Extracted records:
====
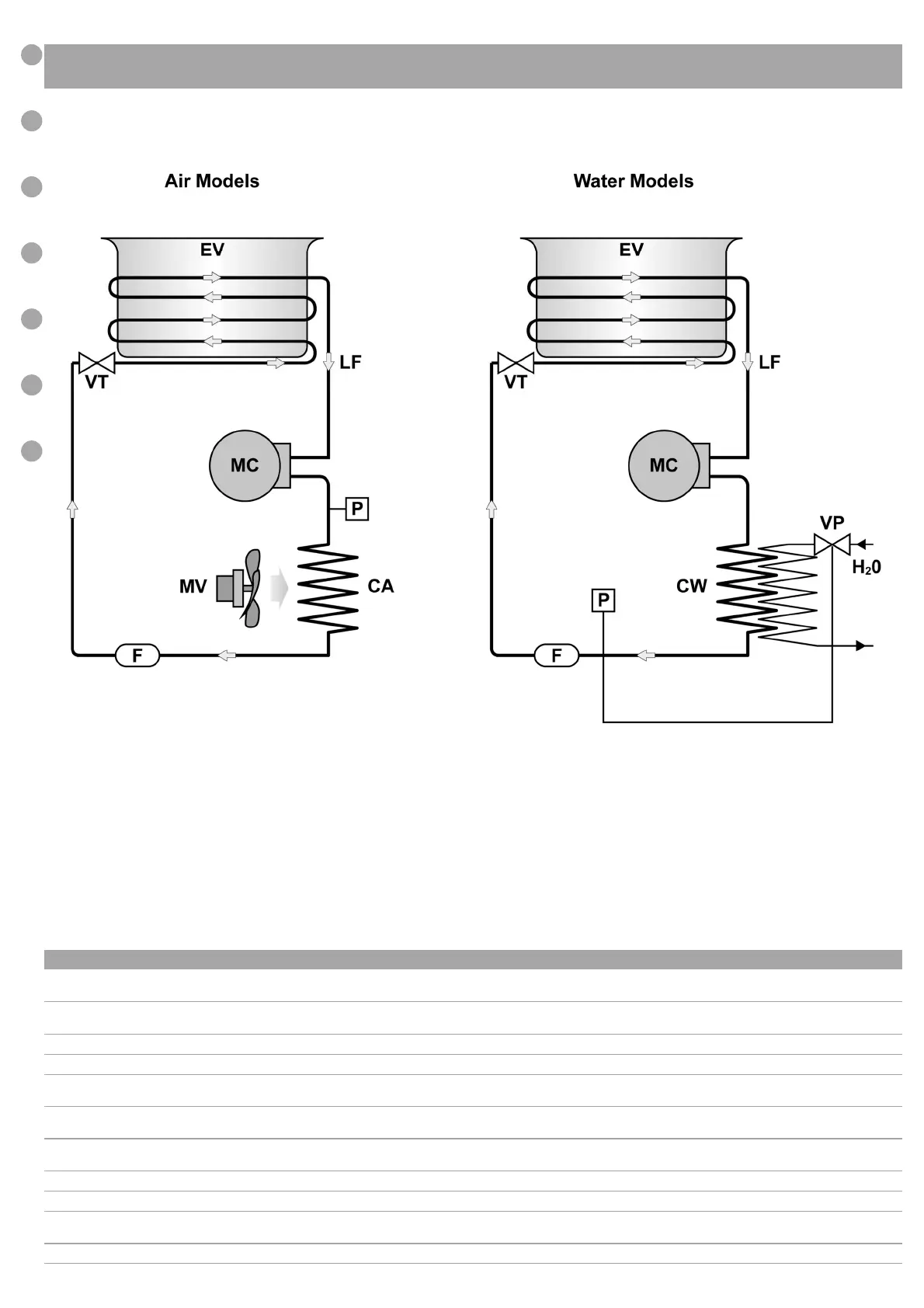 TAV 01 : (GX2, GX4) Schema circuito frigorifero ● Refrigerant circuit diagram Schéma du circuit frigorifique ● Kühlnetzplan ●
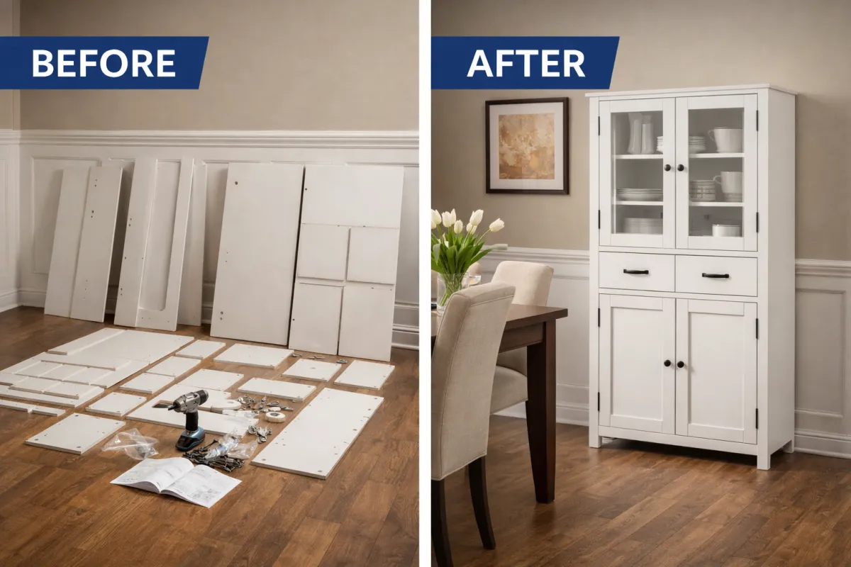 Everything from drywall repairs and door fixes to trim work, cabinet installs, shelving, furniture assembly, and secure TV mounting to keep your interior looking polished and fully functional.
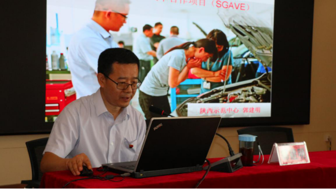 郭建明分别从项目背景、数据及目标、合作伙伴、组织结构、工作板块、荣誉与奖项、媒体形象等方面对中德汽车职业教育汽车机电合作项目进行了详细介绍,为后期项目的顺利开展提供了细致的指导。
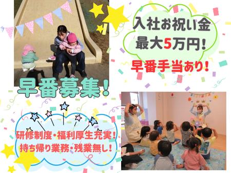 【早番専属のお仕事】駅近保育園で19名の少人数!!保育士資格が活かせる職場で一緒に働きましょう♪【入社祝い金有り】
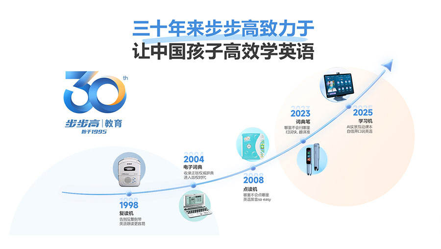 歷經(jīng)30年發(fā)展,“步步高”品牌先后推出了復(fù)讀機、點讀機、學(xué)習(xí)機、家教機、智能學(xué)習(xí)平板、詞典筆等經(jīng)典產(chǎn)品,深受家長和學(xué)生認可,是中國電教行業(yè)領(lǐng)先品牌。
====
■ TASK GOAL ■
Repeat each line above exactly as it reads, omitting any pictures.

■ TASK RESULT ■
 TAV 01 : (GX2, GX4) Schema circuito frigorifero ● Refrigerant circuit diagram Schéma du circuit frigorifique ● Kühlnetzplan ●
 Everything from drywall repairs and door fixes to trim work, cabinet installs, shelving, furniture assembly, and secure TV mounting to keep your interior looking polished and fully functional.
 郭建明分别从项目背景、数据及目标、合作伙伴、组织结构、工作板块、荣誉与奖项、媒体形象等方面对中德汽车职业教育汽车机电合作项目进行了详细介绍,为后期项目的顺利开展提供了细致的指导。
 【早番専属のお仕事】駅近保育園で19名の少人数!!保育士資格が活かせる職場で一緒に働きましょう♪【入社祝い金有り】
 歷經(jīng)30年發(fā)展,“步步高”品牌先后推出了復(fù)讀機、點讀機、學(xué)習(xí)機、家教機、智能學(xué)習(xí)平板、詞典筆等經(jīng)典產(chǎn)品,深受家長和學(xué)生認可,是中國電教行業(yè)領(lǐng)先品牌。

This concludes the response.